Medications for ulcerarive colitis do not cure ulcerative colitis itself. But they can help provide some relief for the pain and discomfort caused by symptoms. One of the other things medications can do for you is help you attain remission - and hold it.

The following medications for ulcerative colitis are used most often by doctors.

Sulfasalazine - Sulfasalazine combines two other drugs, sulfapyridine and 5-aminosalicyclic acid, which is often simply called 5-ASA. The role of sulfapyridine is to transport 5-aminosalicyclic acid to the intestines. But sulfapyridine has a variety of possible effects like headaches, nausea, vomiting, heartburn and diarrhea.

Aminosalicylates - There's also 5-ASA in this medication but no sulfapyridine. Therefore, it has no side effects and can be taken by those who can't take aminosalyicylates.. Aminosalicylates are made from salicylic acid, and there's evidence they have antioxidant properties. Your doctor can suggest several different methods for administering aminosalicylates: by mouth, by suppository, of with an enema. This group of medications is usually first treatment for individuals with colitis. They can also provide some relief when the patient suffers a relapse.

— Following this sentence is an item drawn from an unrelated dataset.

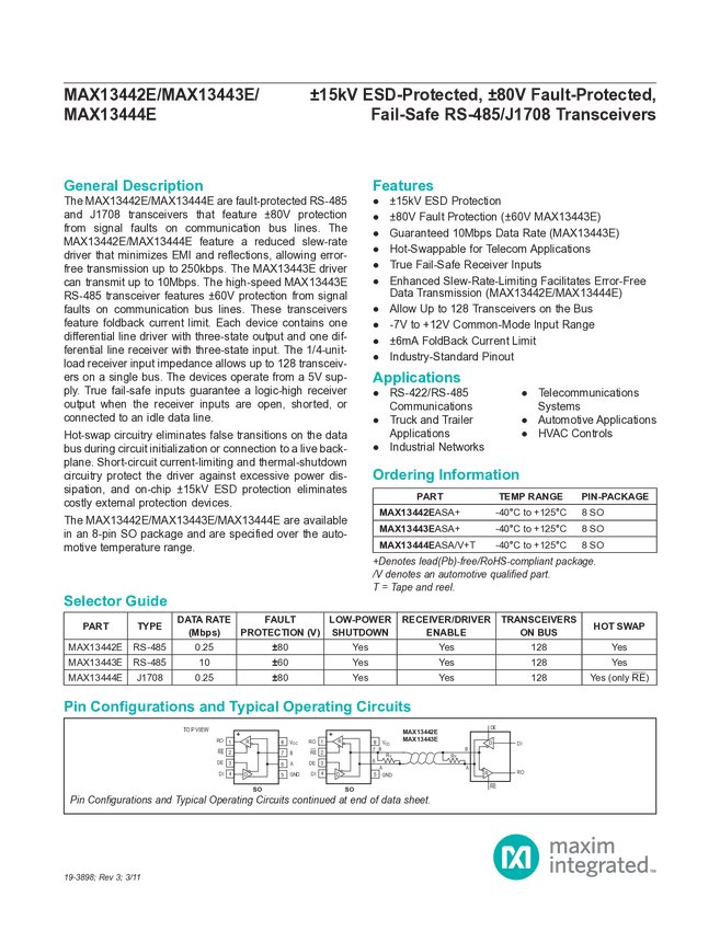 MAX13444E ±15kV ESD-Protected, ±80V Fault-Protected, Fail-Safe RS-485/J1708 Transceiv...

Corticosteroids - These medications include prednisone, methylprednisone, and hydrocortisone. Their primary benefit is that they reduce inflammation. Cortisteroids generally work best with patients who have moderate to severe cases. Delivery methods include enema, suppository, or a pill taken orally. They can also be administered intravenously.. Your doctor will recommend a delivery method based on where the inflammation is located in your colon. Certicosteroids are better when used in the short term. But they have been known to cause side effects in the long term, including weight gain, risk of infection. mood swings, hypertension, facial hair, diabetes, bone mass loss, and acne.

Immunomodulators - These have an effect on the immune system that reduces swelling and inflammation. Corticosteroids are usually recommended when corticosteroids and 5-ASA's haven't worked, or when the patient has become dependent of corticosteroids. They're popular with many patients because they are taken by mouth. However, they take a long time to work compared to other drugs, possibly as long as six months before the patient gets the full benefit.

Cyclosporine A - Patients who are suffering from active, severe cases are often treated with this drug. It may also be administered to those who have not had success with intravenous methods. Cyclosporine is often combined with 6-MP or azathioprine. While treatment with these medications is progressing, the patient may also need other drugs to help relax, get relief from pain,andr combat diarrhea or infection.

Once again, doctors know of no long-lasting cure for ulcerative colitis. However, medications for ulcerative colitis can help prevent flare ups and keep down inflammation. Plus, they can reduce or delay the need for surgery.

Your doctor will evaluate a number of factors in deciding on the appropriate ulcerative colitis medication for you. Among these factors are

* how much discomfort your symptoms are causing
* complications that could arise
* any side effects you may have to face
* other ulcerative colitis medications that have worked - or not worked - previously

Although many similarities exist from one case to another, ulcerative colitis affects different individuals in different ways. So it's possible your physician may have to try a number of therapies before finding one that will be best for you.